By Andrea Nelson, Director Impacting Teaching Transforming Learning (ITTL)
Happy New Year! As you and I consider our successes, failures, and challenges of the previous year, let’s also ponder in what ways we can envision and design education appropriate for the 21st century. The education system has the potential to create an enriched future through the transfer of knowledge, the training of valuable skills, and the instillation of attitudes and ethical standards. It is critical to recognize that school is not neutral. Despite the contradictions in society, schools' function and serve society. We know the past. We can prepare for that. We do not know the future. However, the children we taught in 2022 will live their adult lives from 2030 to 2070 – under very different circumstances from the ones we experience today.
The pandemic shone a spotlight on the existing inequities of race and economics. According to Paul Reville, founder, and director of the Education Redesign Lab at the Harvard Graduate School of Education (GSE), before the pandemic, marginalized children and families lived under challenging conditions. This made it difficult for them to get a high-quality education (Simon, 2021). Frederick M Hess’s 2022 article, Education After the Pandemic states:
Until March 2020, American schooling looked much like it had in 1920. Despite new technologies, ever-increasing outlays, and wave after wave of reform, the rhythms and routines of America’s schools were little changed. Students set out from their homes to school in the early morning, sat in front of a learning advisor in primary school or a series of learning advisors in secondary school, sporadically used the latest technologies, and then headed home. Dress codes, popular pedagogies, the number of adults in the building, and the technology may have changed, but what students and teachers do have not.

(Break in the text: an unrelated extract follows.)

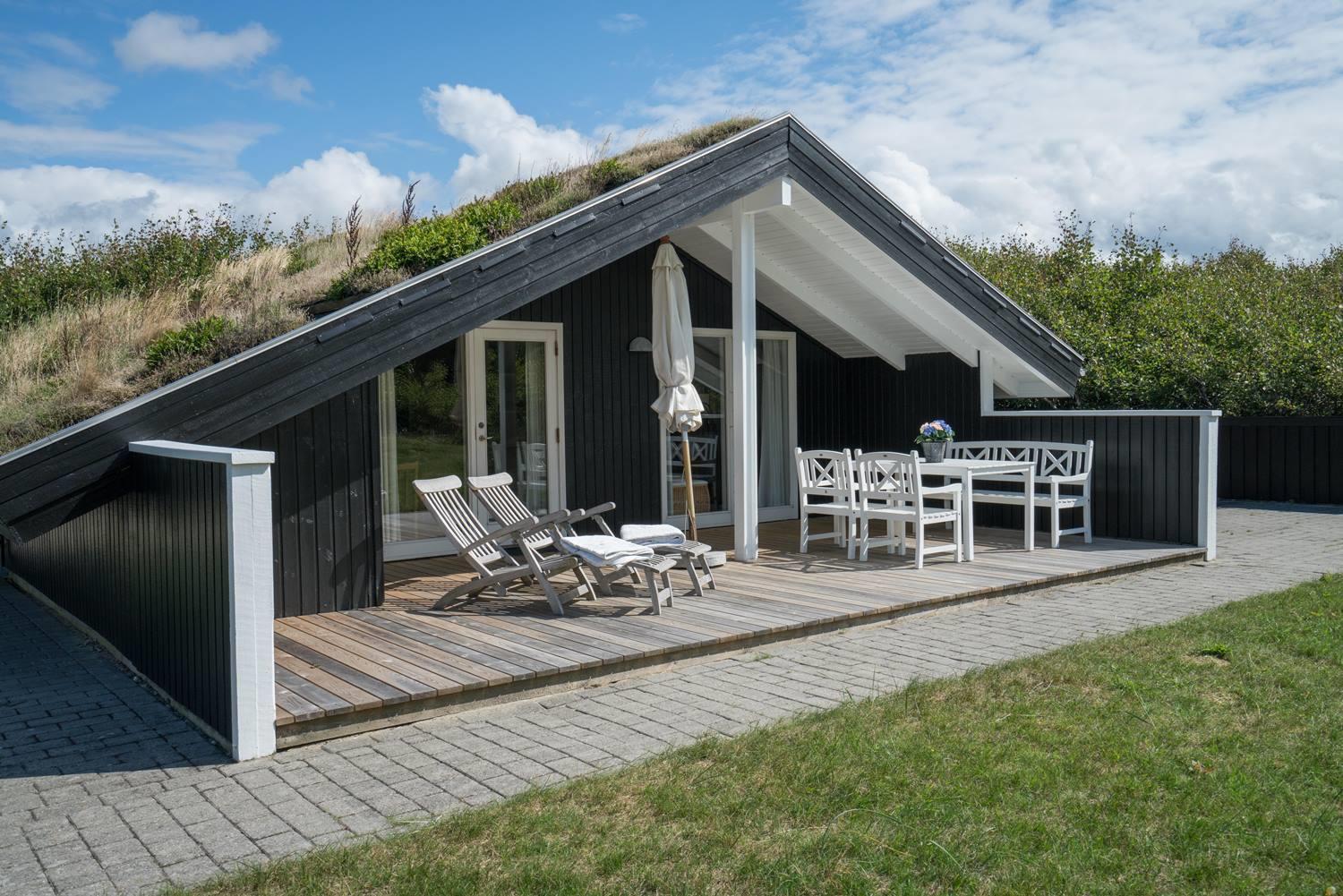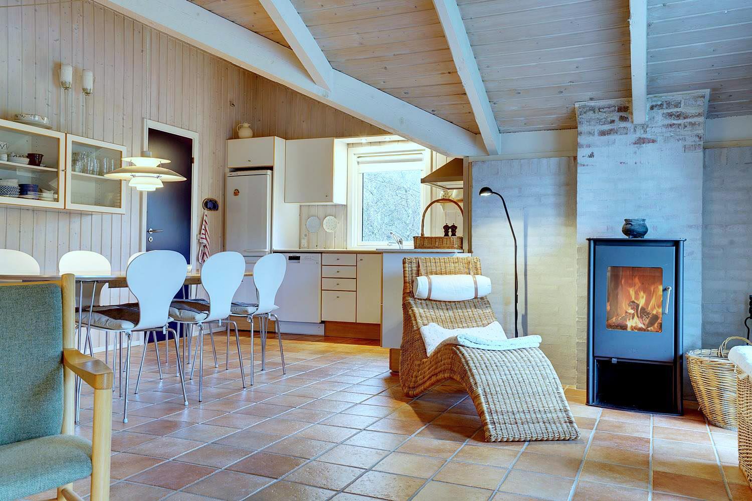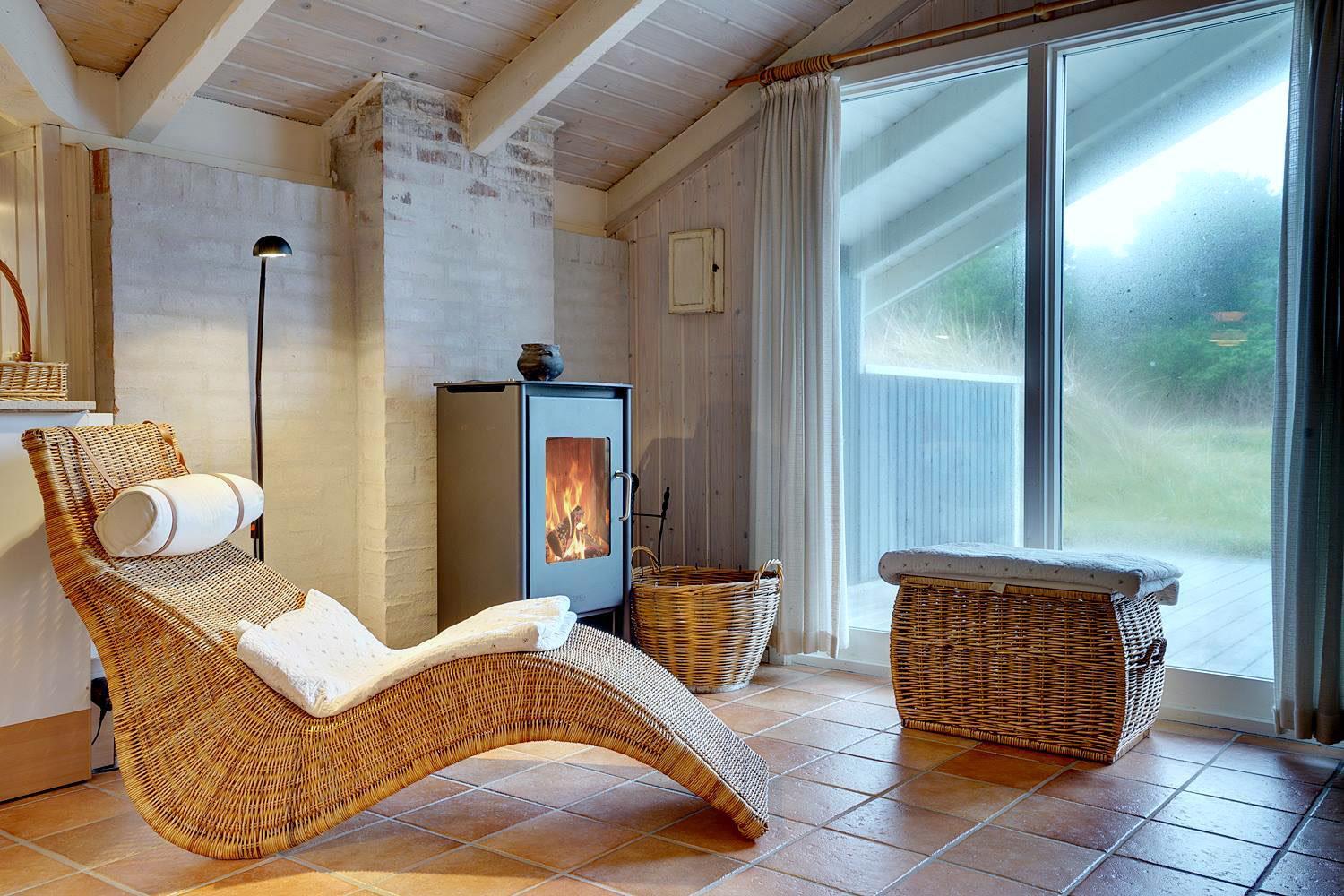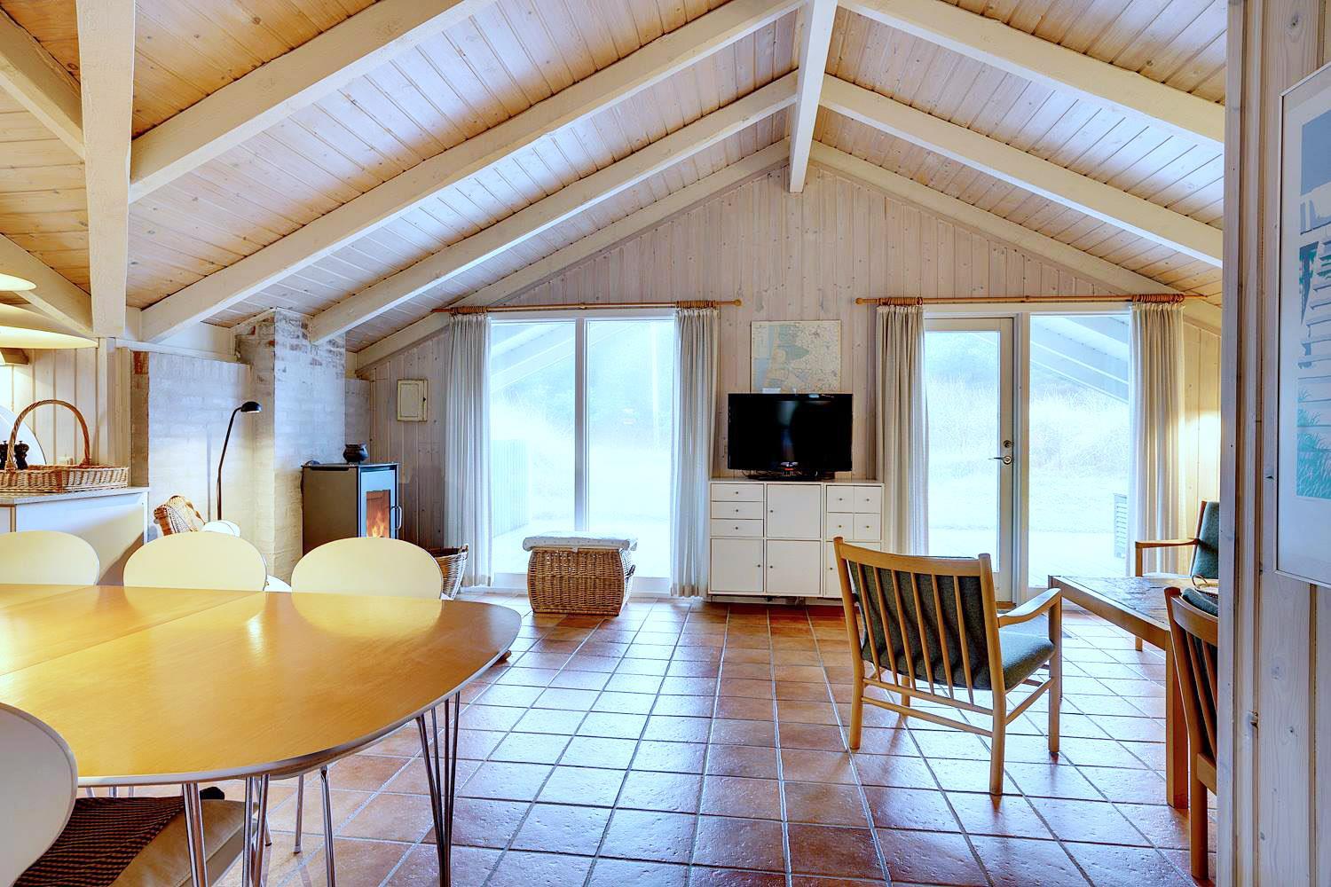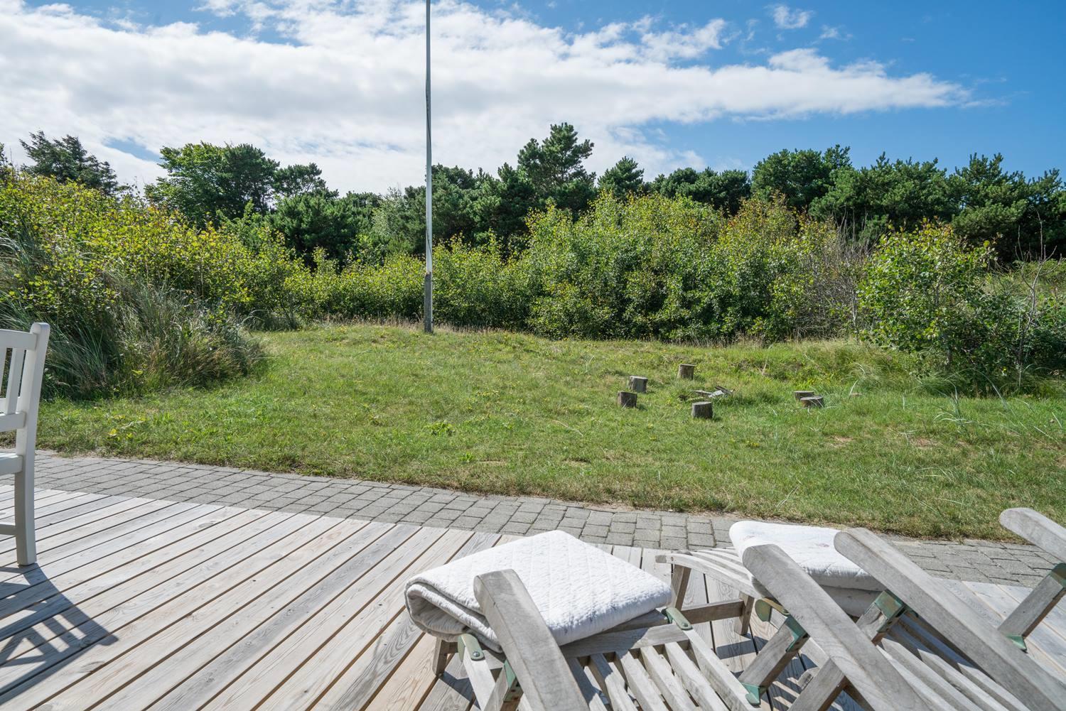 Beliggende midt i fredfyldt natur hun få hundrede meter til Vesterhavet, ligger dette personligt indrettet feriehus kun et par hundrede meter fra de smukke klitter ved Henne Strand. Huset fremstår overalt meget velholdt. I husets stue kan der slappes af foran brændeovnen eller i det hyggelige sofa hjørne. Husets veludstyrede køkken er i åben forbindelse med stuen, hvor fra der er udgang til den dejlige terrasser som omkranser huset. Huset råder over 3 gode soverum. Et skønt feriehus midt i smukt klitlandskab og i gå afstand til stranden.

As human societies and our planet undergo rapid changes, we live in a time characterized by rapid change. In contrast to centuries ago changes now happen within a decade or even a year. Life on Earth is experiencing a change in environmental conditions. There is a rise in global temperatures, disruption of life's ecological cycles, and many species' extinction. We must have generations capable of developing human societies for the common good while protecting life on our planet both now and in the future. Advancing technologies for information and communication enable us to access new types of information, but they can also spread misinformation, slander, and confusion.
Let's spend a few moments considering how education could be different. The Rensselaerville Institute has a two-stranded hybrid model that provides executive coaching to principals and instructional support to campus instructional teams and teachers. Our forward-thinking Turn Around School Model provides administrators, teachers, students, and the community the ability to adapt to the many inevitable changes and allow the changes to be directed towards the common good for all students. Structured Leadership opportunities empower all staff, parents, and students to collaboratively and deliberately use data to support every student's academic, social, and emotional growth. Our Turnaround Specialist coaches leaders to create, lead, and sustain an entrepreneurial culture that engages the school and community to remove barriers and maximizes resources for student success. Furthermore, it provides support to ensure the 21st-century school leader effectively demonstrates a shared collaborative vision committed to the vigorous pursuit of high student performance.
Our second strand, Impacting Teaching, Transforming Learning, for which I am the director, provides instructional leadership grounded in student-centered pedagogy that nurtures innovative learning experiences for all students. Impact Teaching, Transforming Learning Program (ITTL) reinforces the six Turn-Around Schools core elements of diagnosis, targets, message, data use, alignment, and successful classrooms. ITTL intentionally emphasizes the last three elements to provide a symbiotic turnaround approach that targets both principal and teacher moves which enhances data use, alignment of data to pedagogical practice, and standardized percepts of successful classrooms that impact student achievement.
Our Turnaround School model helps leaders develop customized shared leadership models in which other campus team members assume responsibilities traditionally assigned to the campus leader. Our model suggests that the dialectical interaction between all the component parts is a precondition for acting out one's ideas in concert with others. It is essential that the Turnaround teams we coach and serve learn how to act within changing circumstances - not only adapting to the new reality but also contributing to and helping shape it.
The enterprise of Education in the twenty-first century should transcend all differences regardless of race, class, or culture. The Rensselaerville Institute’s School Turnaround Model and Impacting Teaching Transforming Learning involves assisting its participants in the paradigm shift of a new kind of “systemic” thinking regarding relationships, connectedness, and context.